RAFT: Adapting Language Model to Domain Specific RAG (2403.10131v1)

Published 15 Mar 2024 in cs.CL and cs.AI

Abstract: Pretraining LLMs on large corpora of textual data is now a standard paradigm. When using these LLMs for many downstream applications, it is common to additionally bake in new knowledge (e.g., time-critical news, or private domain knowledge) into the pretrained model either through RAG-based-prompting, or fine-tuning. However, the optimal methodology for the model to gain such new knowledge remains an open question. In this paper, we present Retrieval Augmented FineTuning (RAFT), a training recipe that improves the model's ability to answer questions in a "open-book" in-domain settings. In RAFT, given a question, and a set of retrieved documents, we train the model to ignore those documents that don't help in answering the question, which we call, distractor documents. RAFT accomplishes this by citing verbatim the right sequence from the relevant document that would help answer the question. This coupled with RAFT's chain-of-thought-style response helps improve the model's ability to reason. In domain-specific RAG, RAFT consistently improves the model's performance across PubMed, HotpotQA, and Gorilla datasets, presenting a post-training recipe to improve pre-trained LLMs to in-domain RAG. RAFT's code and demo are open-sourced at github.com/ShishirPatil/gorilla.

PDF Abstract

Enhancing Domain Specific Retrieval-Augmented Generation with RAFT

Introduction

The adaptation of pre-trained LLMs to specific domains or applications remains a pivotal challenge in NLP. This challenge is particularly pronounced in scenarios where LLMs need to integrate new, possibly domain-specific knowledge post-training. The standard approaches involve fine-tuning LLMs with additional data or using Retrieval-Augmented Generation (RAG) techniques to augment LLM capabilities dynamically. However, the optimal strategy for efficiently and effectively imbuing LLMs with new knowledge remains an open research question.

RAFT Methodology

We introduce Retrieval Augmented Fine Tuning (RAFT), a novel training architecture designed to optimize LLMs' performance in answering questions in domain-specific RAG settings. At its core, RAFT trains models to differentiate and disregard non-essential documents (distractors) when provided with a set of retrieved documents, improving precision in answering questions. A key innovation in RAFT is its ability to cite directly from relevant documents, facilitating a chain-of-thought-style reasoning process. This approach is intended to not only enhance the model's reasoning capabilities but also its ability to leverage contextual information more effectively.

Experimental Setup

Our evaluation of RAFT spans a variety of datasets, including PubMed, HotpotQA, and Gorilla, which together encapsulate a wide range of domain-specific knowledge from biomedical research to software development frameworks. The benchmarks consistently show that models fine-tuned with RAFT outperform their counterparts that underwent standard supervised finetuning, both with and without the inclusion of RAG at inference time. Furthermore, RAFT's superiority is evident across different metrics, illustrating its robustness and versatility as a fine-tuning approach for domain-specific RAG.

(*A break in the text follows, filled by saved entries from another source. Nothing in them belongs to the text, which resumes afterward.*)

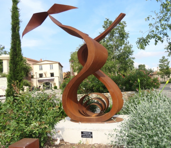 " Ruban de l'Amitié", sculpture installée à Grimaud. Réalisée en 2018 en acier corten (290 cm de haut) Sculpture monumentale réalisée en 2018 : Acier thermolaqué .300 cm de haut x 240 cm de large. Oeuvre statuaire abstraite de Chantal DERDERIAN-CHRISTOL,
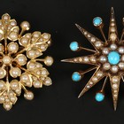 A gold and seed pearl set pendant brooch in a hexagonal foliate open-work design, width approx 3cm, and a gold, turquoise and seed pearl set pendant brooch, designed as a starburst, width approx 3cm.
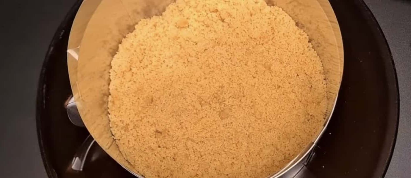 Висипаємо у форму 18 см і притискаємо.
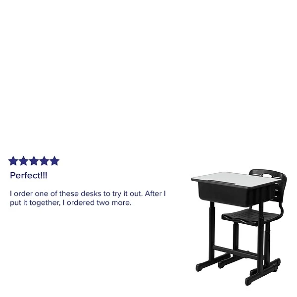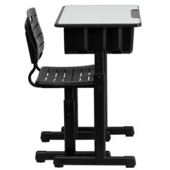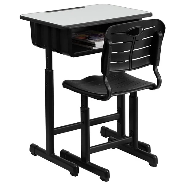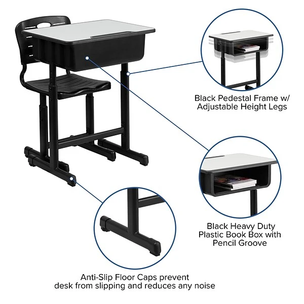 This desk and chair set is a great combination for your classroom seating solution. Both chair and desk are height adjustable to accommodate elementary through high school students. The spacious desktop allows students ample space for books, paper and other items. The pedestal frames feature anti-slip floor glides that prevent it from slipping and also reduces noise. The pedestal frames also provide extra stability around rambunctious children.
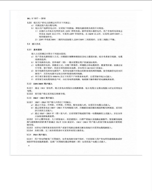 电力用户业扩报装技术规范 DL/T1917-2018
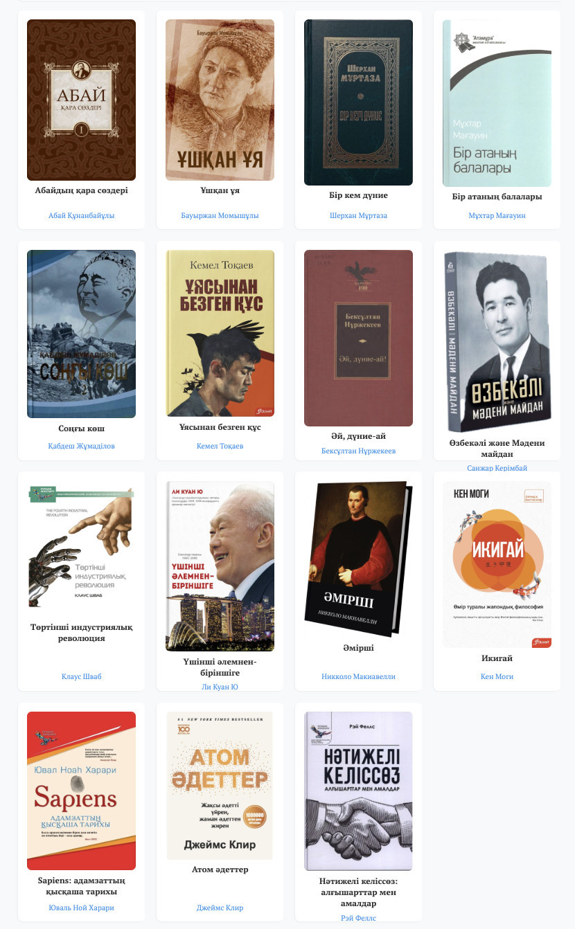 Алты ай бойы қатысушылар арнайы сарапшылар комиссиясы іріктеген 15 кітаптан оқып шықты. Тізімге Абай Құнанбайұлы, Мұхтар Әуезов, Бауыржан Момышұлы, Ли Куан Ю, Томас Сибель секілді авторлардың еңбектері енді.
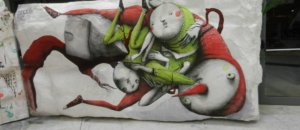 Il primo muro lo dipinsi nei vecchi capannoni del carnevale di Viareggio nel ’92 o ’93, una vera cagata… Adesso sono a Capoverde, Isola di Maio, e ho dipinto un pezzo dedicato alla salvaguardia della natura e cultura.

Implications and Future Directions

The RAFT training methodology has significant practical and theoretical implications for the field of natural language processing and AI at large. Practically, RAFT offers an efficient approach to imbue LLMs with domain-specific knowledge, enhancing their applicability and performance in specialized settings. Theoretically, the success of RAFT raises interesting questions about the role of distractor documents in model training and the importance of chain-of-thought reasoning for domain-specific knowledge integration.

Looking ahead, we anticipate that domain-specific RAG will garner increasing interest, both in academic research and industrial applications. The current trends suggest a shift towards smaller, domain-specialized models that can efficiently handle specific tasks, compared to more generic, larger models. RAFT represents a significant step forward in this paradigm, offering a viable pathway to harnessing the full potential of LLMs in domain-specific applications.

Conclusion

RAFT provides a promising new avenue for fine-tuning LLMs to enhance performance in domain-specific RAG tasks. By effectively leveraging distractor documents and incorporating chain-of-thought reasoning, RAFT allows models to utilize contextual information more accurately and efficiently. As we continue to explore the capabilities and limitations of LLMs, methodologies like RAFT will play a crucial role in unlocking the next generation of AI-driven applications, tailored to specific domains and challenges.